SUPPLIED ENTRIES:
────────────────────────────────────────

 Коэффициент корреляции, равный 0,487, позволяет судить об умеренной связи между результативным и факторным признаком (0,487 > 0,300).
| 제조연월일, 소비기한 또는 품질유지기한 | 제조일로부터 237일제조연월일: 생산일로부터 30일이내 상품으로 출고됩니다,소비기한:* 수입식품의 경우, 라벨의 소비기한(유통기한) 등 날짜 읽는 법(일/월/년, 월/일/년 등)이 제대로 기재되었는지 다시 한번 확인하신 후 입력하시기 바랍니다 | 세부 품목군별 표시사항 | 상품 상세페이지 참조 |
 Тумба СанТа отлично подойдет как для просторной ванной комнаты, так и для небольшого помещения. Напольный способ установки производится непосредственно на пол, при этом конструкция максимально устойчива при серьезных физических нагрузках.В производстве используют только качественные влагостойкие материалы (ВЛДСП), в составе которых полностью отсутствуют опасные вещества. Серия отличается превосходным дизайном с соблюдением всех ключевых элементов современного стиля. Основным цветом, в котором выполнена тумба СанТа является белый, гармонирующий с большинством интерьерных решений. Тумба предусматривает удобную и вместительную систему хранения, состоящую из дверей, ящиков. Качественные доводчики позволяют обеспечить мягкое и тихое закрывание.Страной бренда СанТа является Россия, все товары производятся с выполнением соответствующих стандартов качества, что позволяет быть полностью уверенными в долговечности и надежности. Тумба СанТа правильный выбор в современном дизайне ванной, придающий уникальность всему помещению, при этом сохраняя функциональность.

────────────────────────────────────────

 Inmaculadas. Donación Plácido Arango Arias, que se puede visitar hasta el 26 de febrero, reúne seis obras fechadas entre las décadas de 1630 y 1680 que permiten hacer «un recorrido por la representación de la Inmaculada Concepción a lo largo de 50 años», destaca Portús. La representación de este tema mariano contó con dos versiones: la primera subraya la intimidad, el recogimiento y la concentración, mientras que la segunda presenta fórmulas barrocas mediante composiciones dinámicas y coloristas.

────────────────────────────────────────

Given the data above, transcribe exactly the lines from the one containing "상품 상세페이지 참조 |" down to the one containing "Тумба СанТа отлично", and no others.

RESPONSE TO THE TASK:
| 제조연월일, 소비기한 또는 품질유지기한 | 제조일로부터 237일제조연월일: 생산일로부터 30일이내 상품으로 출고됩니다,소비기한:* 수입식품의 경우, 라벨의 소비기한(유통기한) 등 날짜 읽는 법(일/월/년, 월/일/년 등)이 제대로 기재되었는지 다시 한번 확인하신 후 입력하시기 바랍니다 | 세부 품목군별 표시사항 | 상품 상세페이지 참조 |
 Тумба СанТа отлично подойдет как для просторной ванной комнаты, так и для небольшого помещения. Напольный способ установки производится непосредственно на пол, при этом конструкция максимально устойчива при серьезных физических нагрузках.В производстве используют только качественные влагостойкие материалы (ВЛДСП), в составе которых полностью отсутствуют опасные вещества. Серия отличается превосходным дизайном с соблюдением всех ключевых элементов современного стиля. Основным цветом, в котором выполнена тумба СанТа является белый, гармонирующий с большинством интерьерных решений. Тумба предусматривает удобную и вместительную систему хранения, состоящую из дверей, ящиков. Качественные доводчики позволяют обеспечить мягкое и тихое закрывание.Страной бренда СанТа является Россия, все товары производятся с выполнением соответствующих стандартов качества, что позволяет быть полностью уверенными в долговечности и надежности. Тумба СанТа правильный выбор в современном дизайне ванной, придающий уникальность всему помещению, при этом сохраняя функциональность.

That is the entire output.